You are at an airport, a bus or train station, because you have to get away.
You have to get away from the most horrific heart break.
You have nowhere to go, really, but you can't stay.
You are sitting at that airport, bus or train station, when someone sits near you,
and you can see, despite your pain, the same thing that happened to you is
written on that stranger's face.
Somehow you say something or that person does, and a conversation starts
about now things. And somehow you wind up in a relationship.
You never say a word, nor hear one about the past. It is as if everything
that happened which tore your heart from your chest was written in a
letter and is blacked out: -
Never said, never to be thought of, and never shared.
Do you Ever Share the Past?
The word Past means just that; a period which is gone. Something that happened and is over. Not a current complication, not something that needs to be explained. Something that happened, and is Over.
You fell insanely in love with someone you would have died for. You invested every atom of your being. Your entire world was the other person. But it ended. And now you are with this new person. Is there anything that you need to say about that past relationship beyond: "Over?"
Think about someone telling you:
how much they loved that other person, not you. And you will think, "If that other person hadn't....than I wouldn't be here...and does this person, whom I love, love me as much as the Other? Or am I second best? A surrogate, a make do?
So what do you expect that person you are with now to think if you dump the Past on them?
And What If?
Everyone has a past.

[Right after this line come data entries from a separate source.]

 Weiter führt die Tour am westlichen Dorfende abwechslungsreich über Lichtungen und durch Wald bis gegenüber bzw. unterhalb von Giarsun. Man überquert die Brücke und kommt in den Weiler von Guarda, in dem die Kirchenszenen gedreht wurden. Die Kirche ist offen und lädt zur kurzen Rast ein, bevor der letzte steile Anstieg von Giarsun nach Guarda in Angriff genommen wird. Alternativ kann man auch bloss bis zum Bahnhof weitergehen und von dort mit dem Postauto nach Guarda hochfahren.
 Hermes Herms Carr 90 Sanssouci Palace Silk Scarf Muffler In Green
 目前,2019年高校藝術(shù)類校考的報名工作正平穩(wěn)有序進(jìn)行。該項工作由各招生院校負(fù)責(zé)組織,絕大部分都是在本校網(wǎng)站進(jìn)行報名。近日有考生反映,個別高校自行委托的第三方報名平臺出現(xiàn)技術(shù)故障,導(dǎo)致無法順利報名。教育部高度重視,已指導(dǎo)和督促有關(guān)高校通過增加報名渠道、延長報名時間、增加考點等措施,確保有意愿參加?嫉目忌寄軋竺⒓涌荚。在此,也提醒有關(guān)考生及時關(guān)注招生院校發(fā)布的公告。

Even if you're ten years old.
Look at that nice couple over there.
Both have jobs, both are thoroughly decent people.
Does he need to know that when she was 16 she got involved with a wild
crowd, got pregnant, her mother got her an abortion, she straightened
herself out and he met her years after?
Does she need to know that he got so drunk when he was 16 that he wound up in
some XXX sex situation, and it took him years to forget about it and move on?

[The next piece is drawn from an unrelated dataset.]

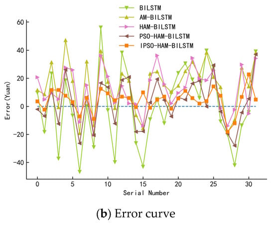 To validate the effectiveness of the model components further, the model was compared with BiLSTM, AM-BiLSTM, HAM-BiLSTM, and PSO-HAM-BiLSTM. The prediction results and error comparisons are shown in Figure 12.

What about the woman who was married, and hurt and spent a couple of years
with meaningless hookups so as not to ever feel so deeply again, and finally
got herself together, and decided to start afresh.
What about that man who spent his years having sex with anything that was passingly female and had the shock of his life when he thought he had AIDs, and because he was spared has become the most faithful man on the planet?

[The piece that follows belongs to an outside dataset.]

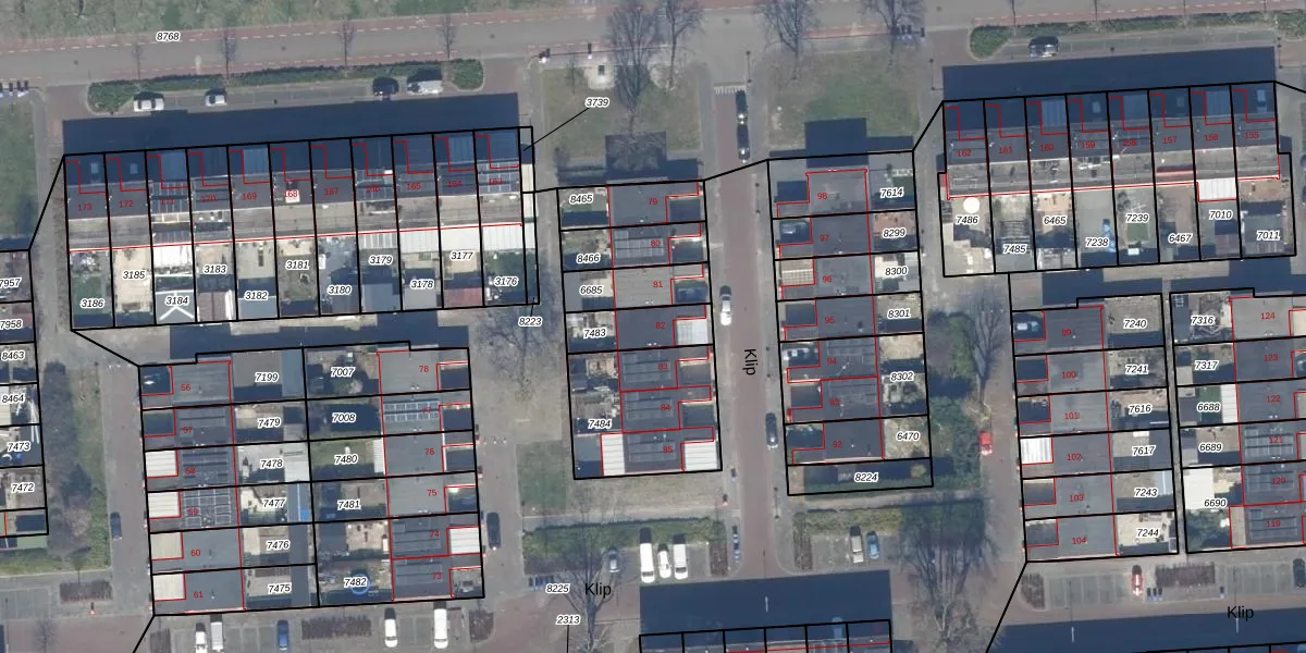 Gebruik de zoekbalk of klik op een perceel voor informatie over de adressen binnen dit perceel.

In the cases above you see the life changes these people have made. The start over, clean slate, and one meets them when their slate is clean and falls in love. To learn the past would make this person 'a lie'.
The wonderful young lady one marries is now revealed to have been one of those street gals who has sex with whomever, gets an abortion, and so who is she really?
That sparkling man, is he really straight? Or is he suppressing his homosexual tendencies?
This Lady who used to be the Town Punch, this Guy who used to be the Village Ram; can you look at them with the same respect if you knew their past?
It is Not Lying
I don't remember the last time I chewed bubble gum, in fact, the only reason I think of bubble gum is because I'm chewing one of those breath fresheners. It is not lying not to mention the last time I chewed bubble gum, because I don't think about it.
You shouldn't be thinking about the past, you shouldn't be wallowing in all your faults and mistakes. If you do, you'll wind up in a psychiatric ward.
Because you close the door on your past you are not going to regurgitate it as if it is vital to insure the other person knows every fart you ever laid.
If you were married before or engaged or living together, you can toss it off with a shrug. During a babblethon when there's some rehash of the past drop it like a piece of popcorn. This makes it clear that it isn't important to you.
But those relationships which were devastating, don't share the details. Those terrible things you did back when, forget them. if they ever come up, (which 99.999% they won't) and if you are ever confronted, you can always say, "It isn't who I am. I forgot about it." And don't prolong any discussion.
In most cases, too much honesty is why your relationship ends.
When you meet some one, live in the moment. Now. Be here Now. Not reflecting on the last time you...and what you used to do...and how it used to be...but Now.
If you are here NOW dealing with Now, being here, the past is irrelevant. There is no need for a rehash. Only what will affect you NOW need be mentioned. If there's an Ex or child support to be paid, or if you have to report to the parole board, or if you have to go for dialysis, or if were Playmate of the Month or are wanted in three states...yes. That should be shared. But relationships that ended, events that will never happen again, feelings that died, don't need to be resurrected.